WORK ORDER: Only one span is wanted from the lines below: from the one with "Wedit provides you" up to and including the one with "Această jucărie Grogu". Copy it exactly, without images.

DATA RECORDS:

....

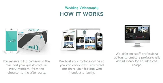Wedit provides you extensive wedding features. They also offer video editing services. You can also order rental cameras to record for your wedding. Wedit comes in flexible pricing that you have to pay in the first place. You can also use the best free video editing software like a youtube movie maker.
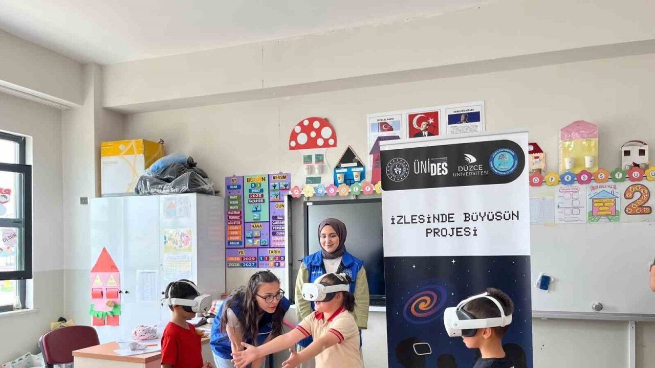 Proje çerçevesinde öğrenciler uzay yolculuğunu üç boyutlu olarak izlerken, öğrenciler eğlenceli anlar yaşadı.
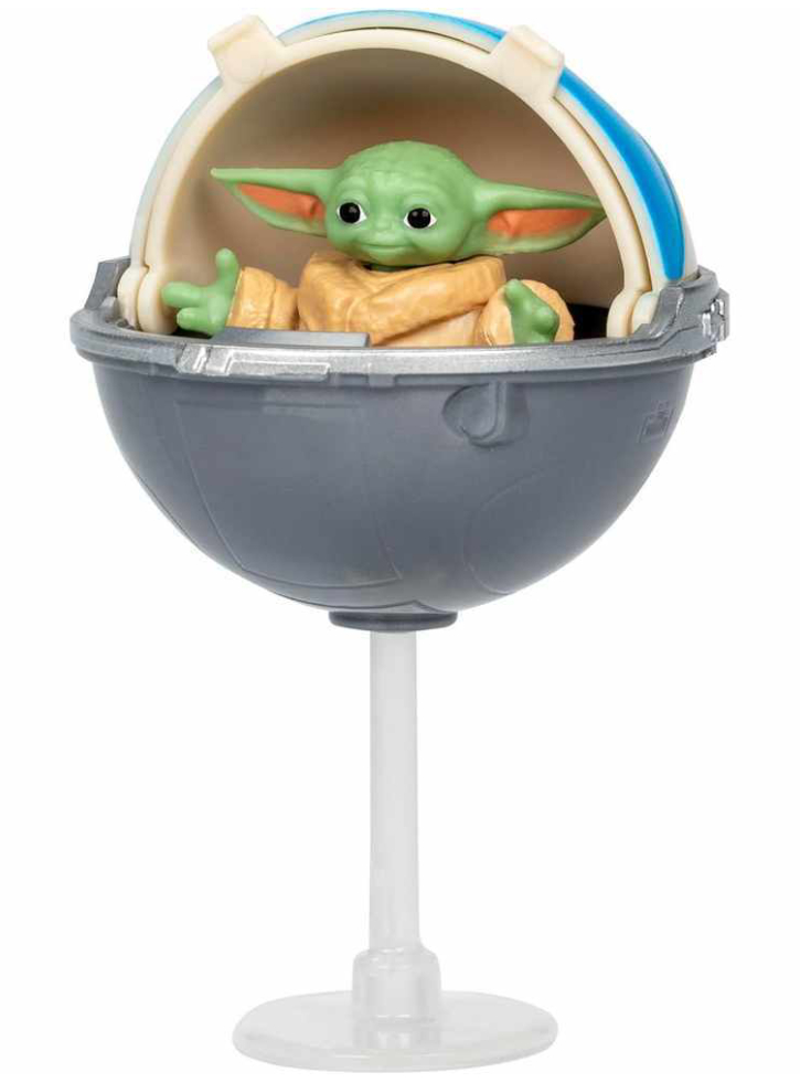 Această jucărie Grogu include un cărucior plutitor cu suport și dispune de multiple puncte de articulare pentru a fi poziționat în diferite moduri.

....

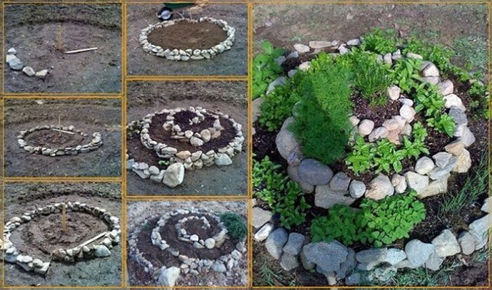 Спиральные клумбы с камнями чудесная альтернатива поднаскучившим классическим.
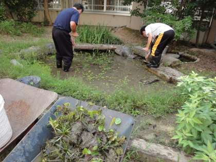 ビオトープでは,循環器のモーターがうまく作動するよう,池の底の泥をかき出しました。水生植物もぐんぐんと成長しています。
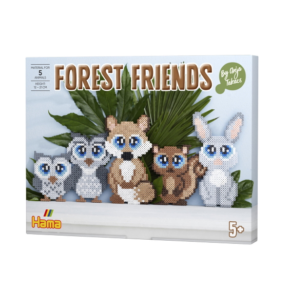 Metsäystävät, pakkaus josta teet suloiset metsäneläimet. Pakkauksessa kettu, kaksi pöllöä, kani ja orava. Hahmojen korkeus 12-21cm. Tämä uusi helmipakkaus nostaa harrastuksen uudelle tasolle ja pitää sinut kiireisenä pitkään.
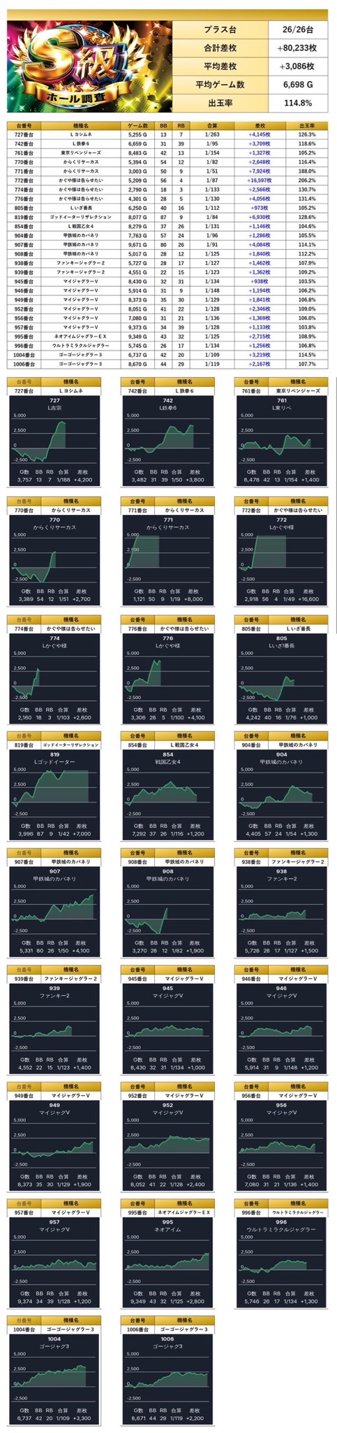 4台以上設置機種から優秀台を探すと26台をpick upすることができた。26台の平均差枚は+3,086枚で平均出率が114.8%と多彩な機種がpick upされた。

....

ANSWER BOX:
Wedit provides you extensive wedding features. They also offer video editing services. You can also order rental cameras to record for your wedding. Wedit comes in flexible pricing that you have to pay in the first place. You can also use the best free video editing software like a youtube movie maker.
 Proje çerçevesinde öğrenciler uzay yolculuğunu üç boyutlu olarak izlerken, öğrenciler eğlenceli anlar yaşadı.
 Această jucărie Grogu include un cărucior plutitor cu suport și dispune de multiple puncte de articulare pentru a fi poziționat în diferite moduri.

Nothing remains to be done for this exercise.